#### Exercise brief
Only the lines below from the one with "People: Maylei Blackwell" through the one with "解析:在海底景观中,人们将鱼" are to be written out, exactly and without any images.

#### Given information
== Segment start ==

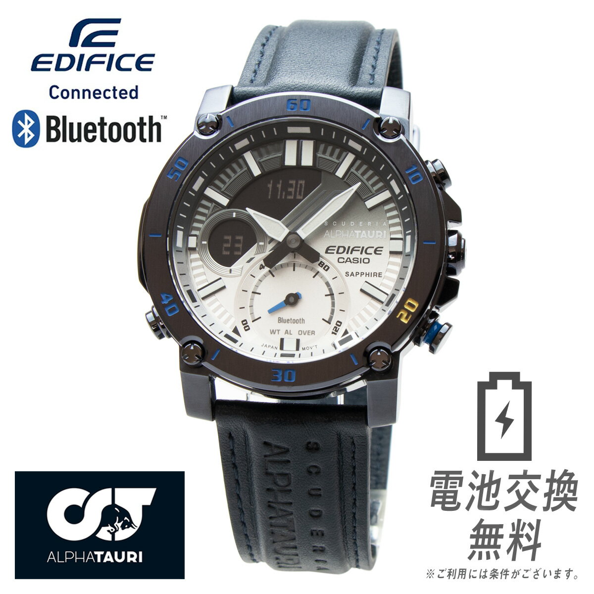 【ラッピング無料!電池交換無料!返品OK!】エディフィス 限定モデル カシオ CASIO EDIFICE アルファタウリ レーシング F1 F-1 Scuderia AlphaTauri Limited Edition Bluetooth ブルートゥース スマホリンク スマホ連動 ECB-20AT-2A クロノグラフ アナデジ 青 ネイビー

== Segment end ==
== Segment start ==

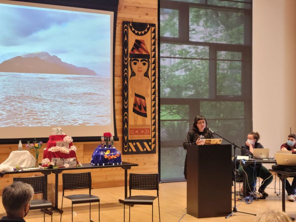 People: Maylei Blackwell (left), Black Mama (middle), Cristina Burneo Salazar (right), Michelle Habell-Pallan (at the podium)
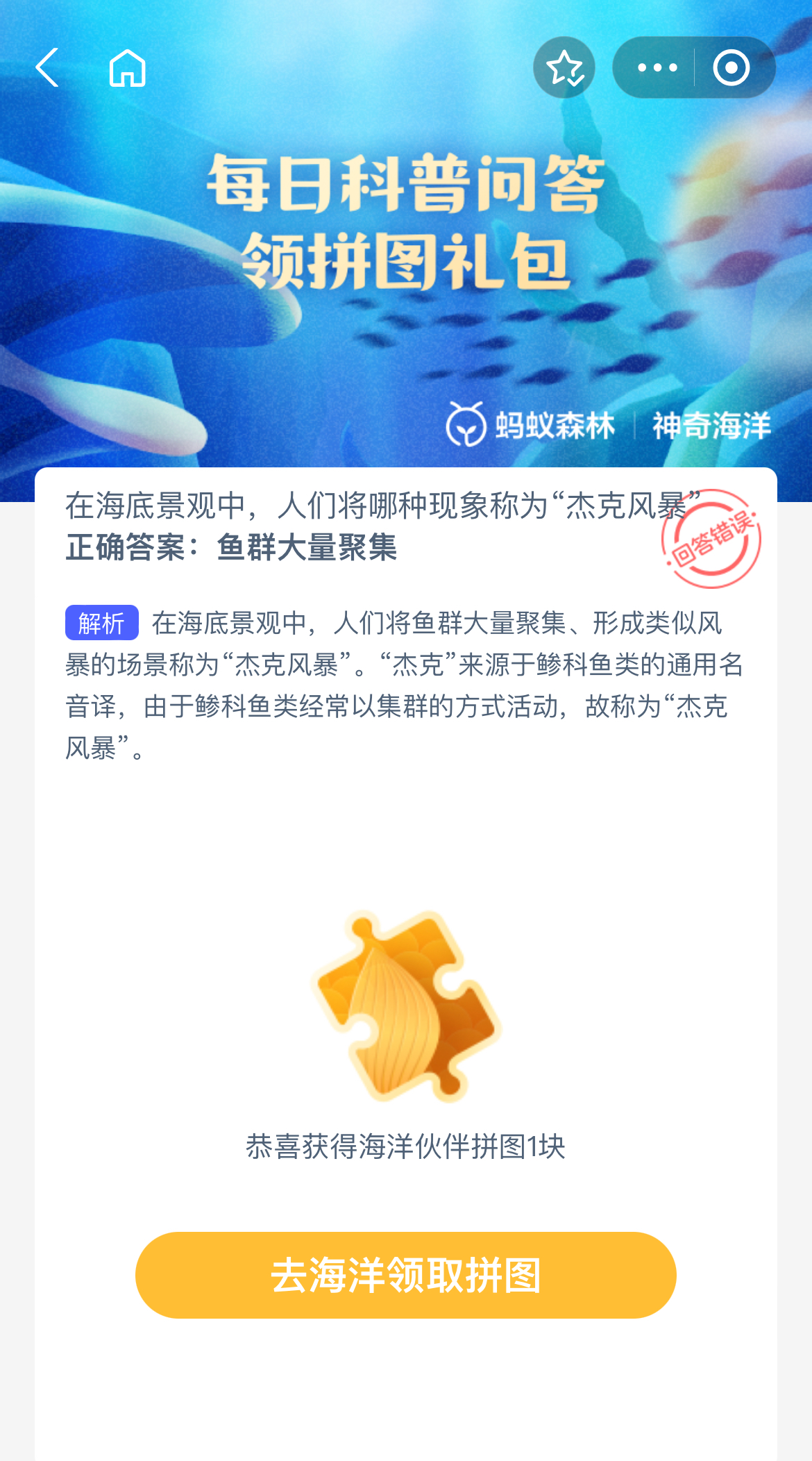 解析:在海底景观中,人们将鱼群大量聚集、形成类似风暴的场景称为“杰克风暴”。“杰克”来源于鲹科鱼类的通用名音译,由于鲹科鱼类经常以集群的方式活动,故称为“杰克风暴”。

== Segment end ==
== Segment start ==

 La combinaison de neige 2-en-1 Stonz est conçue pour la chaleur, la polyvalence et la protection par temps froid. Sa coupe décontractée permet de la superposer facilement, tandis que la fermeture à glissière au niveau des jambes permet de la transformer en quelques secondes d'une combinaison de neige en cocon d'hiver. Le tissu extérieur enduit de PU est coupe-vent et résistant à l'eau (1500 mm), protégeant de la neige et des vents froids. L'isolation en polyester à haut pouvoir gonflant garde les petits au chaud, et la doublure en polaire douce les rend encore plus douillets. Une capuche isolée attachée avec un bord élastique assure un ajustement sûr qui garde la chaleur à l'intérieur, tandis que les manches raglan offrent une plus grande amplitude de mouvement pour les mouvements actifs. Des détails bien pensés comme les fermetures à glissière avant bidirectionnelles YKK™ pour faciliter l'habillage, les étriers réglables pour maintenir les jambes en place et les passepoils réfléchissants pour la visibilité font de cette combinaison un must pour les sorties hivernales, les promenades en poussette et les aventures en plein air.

== Segment end ==

#### Exercise solution
 People: Maylei Blackwell (left), Black Mama (middle), Cristina Burneo Salazar (right), Michelle Habell-Pallan (at the podium)
 解析:在海底景观中,人们将鱼群大量聚集、形成类似风暴的场景称为“杰克风暴”。“杰克”来源于鲹科鱼类的通用名音译,由于鲹科鱼类经常以集群的方式活动,故称为“杰克风暴”。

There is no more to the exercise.